Alonso et al. [24] proposed to assess the validity of a surrogate endpoint in terms of uncertainty reduction. The main proposals for measures of uncertainty are found in information theory. These authors based their proposal in the well-known Shannon entropy. In the past there has been an extensive work on generalized entropies [30,31,32,36,37,38,39]. We focus on the Havrda-Charvat entropy, which reduces to the Shannon case if the parameter is set to one, to extend that surrogacy measure. Based on the generalized entropy, we consider a generalized mutual information as it has been proved in other contexts to have better performance of some members of this family [30,31,32]. In this paper, the theoretical development of these measures has been completed.

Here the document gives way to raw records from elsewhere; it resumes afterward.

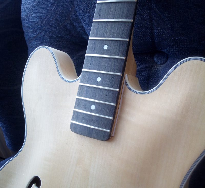 Apparently the neck pocket wasn't quite as accurate as one might like, so he had shimmed it with maple veneer so the neck ran down the centreline, but this left the end of the maple shims exposed, which looked worse than one might hope. So to disguise this I first thought of a strip of maple each side, but the piece of maple I had didn't match the body at all. Binding and purfling right round the neck pocket might have been best, but I was unable to duplicate the purfling so I just put in some 2mm white plastic I had. The ends should probably have curved round the pocket, but i wasn't too confident about cutting a neat curve by hand, and it will be fine from five feet away...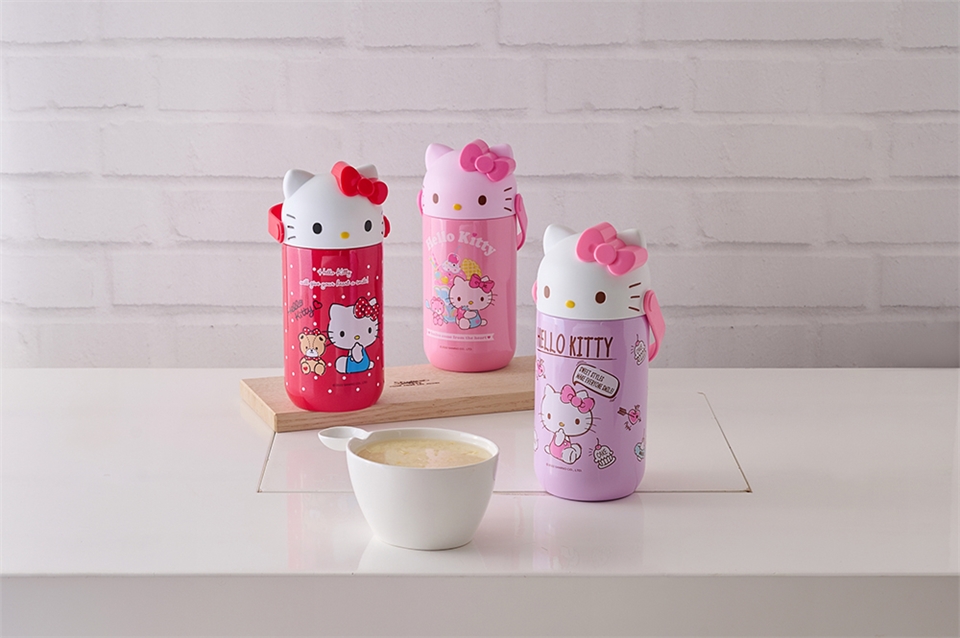 內容物: Hello Kitty 造型真空食物燜燒罐x1、不鏽鋼折疊湯匙x1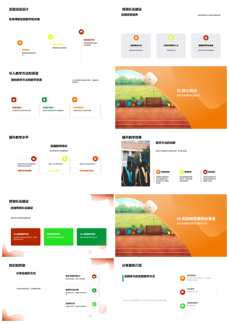 风云办公提供的大学体育教师实践教学技能提升策略PPT模板,下载格式为pptx,一共19页,作品中文字及图均可以修改和编辑,图片更改请在作品中右键图片并更换,文字修改请直接点击文字进行修改。
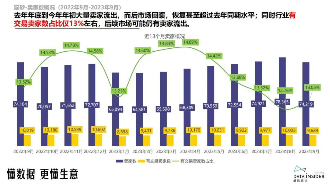 去年年底到今年年初大量卖家流出,而后市场回暖,恢复甚至超过去年同期水平;同时行业有交易卖家数占比仅13%左右,后续市场可能仍有卖家流出。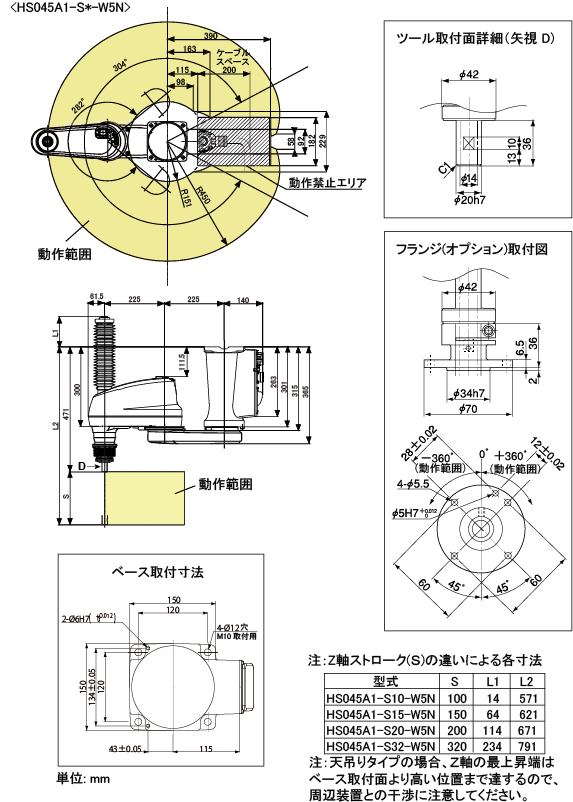 HS045A1-S*-W5N:アーム長450mm 天吊り 防塵防滴タイプ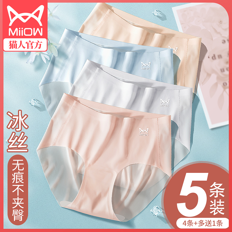 【产品名称:猫人不夹臀无痕内裤女士冰丝夏季薄款纯棉抗菌裆高腰女生运动短裤】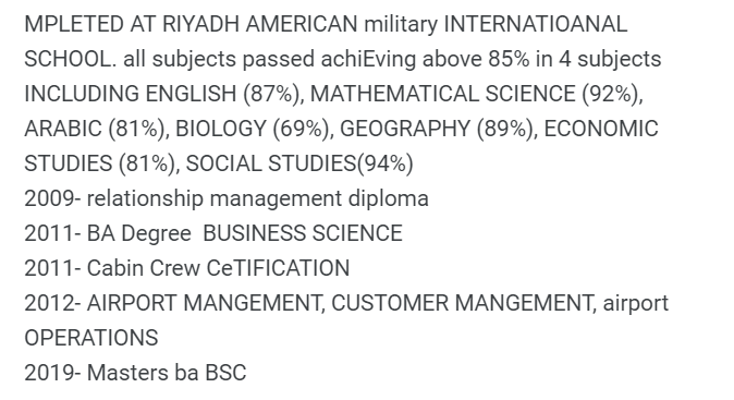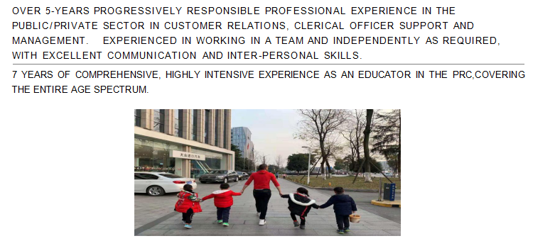 2011-商科學士學位 2011-機組人員認證 2012-機場管理,客戶管理,機場運營 2019-碩士學士BSC 在公共/私營部門的客戶關(guān)系,文職人員支持和管理方面有5年以上的逐步負責的專業(yè)經(jīng)驗。 具有團隊合作經(jīng)驗,并按要求獨立工作,具有出色的溝通和人際交往能力。 作為中國的教育者,有7年的綜合性,高強度的經(jīng)驗,涉及整個年齡段。 |

The advantage of our proposal is that it contains a particular case of a useful measure to assess surrogacy and demonstrates the ability to easily explore other measures which may have performance advantages for specific questions. We have seen the advantage of using $\alpha$ = 2 instead of $\alpha$ = 1 in our example to evaluate scheduling of longitudinal visits.

Some additional issues are pending. On one hand, we are working to carry out a more extensive numerical study for assessing the performance of these measures in the endpoint surrogacy context. In our paper, we compared the performance of ITMA in a real trial with three choices of $\alpha$ (0.5, 1 and 2). They were chosen for illustration purposes. The optimal choice of $\alpha$ remains a research question. Additional research can consider other ITMA, such as divergence measures [36], taking into account that the mutual information is equal to the Kullback divergence, or measures of unilateral dependency as that defined by Andonie et al. [37] based on the informational energy [39] or surrogacy for testing of variances [38].